EHR Data Valuable to Study of Cardiac Structure, Function

Researchers from Vanderbilt University have discovered that electrocardiograph data harvested from electronic health records can be efficiently extracted as a rapid and efficient method for the study of cardiac structure and function.


Researchers from Vanderbilt University have discovered that electrocardiograph data harvested from electronic health records can be efficiently extracted as a rapid and efficient method for the study of cardiac structure and function.

The study, published in the Journal of Clinical Bioinformatics, suggests that EHR-based cohorts have the potential to make major contributions toward the study of epidemiologic and genotype-phenotype associations for cardiac structure and function in diverse populations. Cardiac structure, such as wall thickness and left ventricular dilation, can predict cardiovascular disease events and heart failure.

The authors studied 6,076 echocardiography reports for 2,834 unique adult subjects. Vanderbilt University Medical Center's EHR-based ECG report archives go back to 1997 and are stored in the PDF format. Missing data were uncommon with over 90 percent of data points present.

Data irregularities were primarily related to inconsistent use of measurement units and transcriptional errors. The researchers’ filtering method required manual review of very few data points (fewer than 1 percent), and filtered echocardiographic parameters were similar to published data from epidemiologic populations of similar ethnicity. Moreover, the cohort was comparable in size, and in some cases larger than community-based cohorts of similar race/ethnicity.

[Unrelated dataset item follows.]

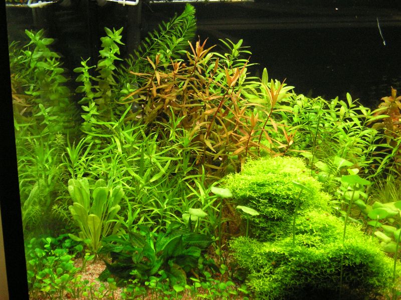 Слева сзади больбитис!Он у меня уже несколько лет, рос в разных банках!Он долгл стоит в новых условиях, но если уже прижился,то растет хорошо, но медленно. Где-то, как анубиас, один лист в неделю.Я перед посадкой в этот аквариум пообрезала все старые листья, поврежденные, ну и т.д. Так увлеклась, что куст стал в два раза меньше.  Я никогда особенно не создавала ему особенных условий. Знаю, что в мягкой воде растет лучше.
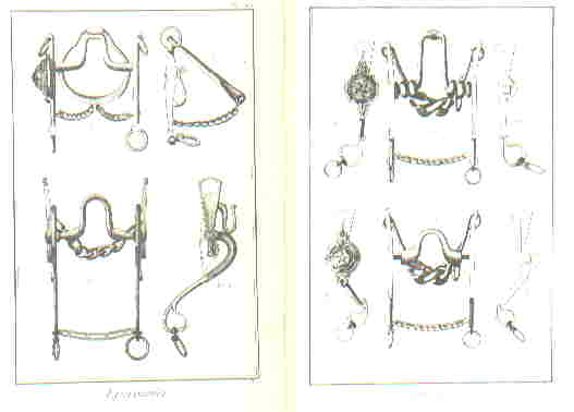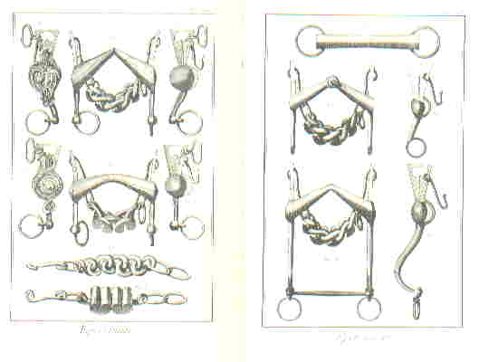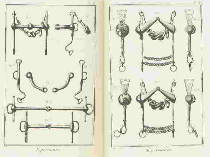 Éperonnier (Sporenmacher)L'Éperon ist mit Sporn zu übersetzen. Der "Sporenmacher" fertigte aber auch Gebisse und Steigbügel an.Auf dieser Bildtafel sind Einzelteile einer Kandarre zu erkennen. Hier und auf den weiteren Tafeln finden wir ein große Anzahl von verschiedensten Gebissen. |

While the authors noted several limitations to their study, such as the exclusion of clinically relevant semi-structured and unstructured data, they also concluded the benefits of extracting the available data efficiently offered promising signals were sufficient to warrant further consideration.

Future directions include refinement of methods for extraction and filtering of semi-structured and unstructured echocardiographic date from EHRs and leveraging of the Vanderbilt echocardiography cohort for study of cardiac structure and function genotype-phenotype associations.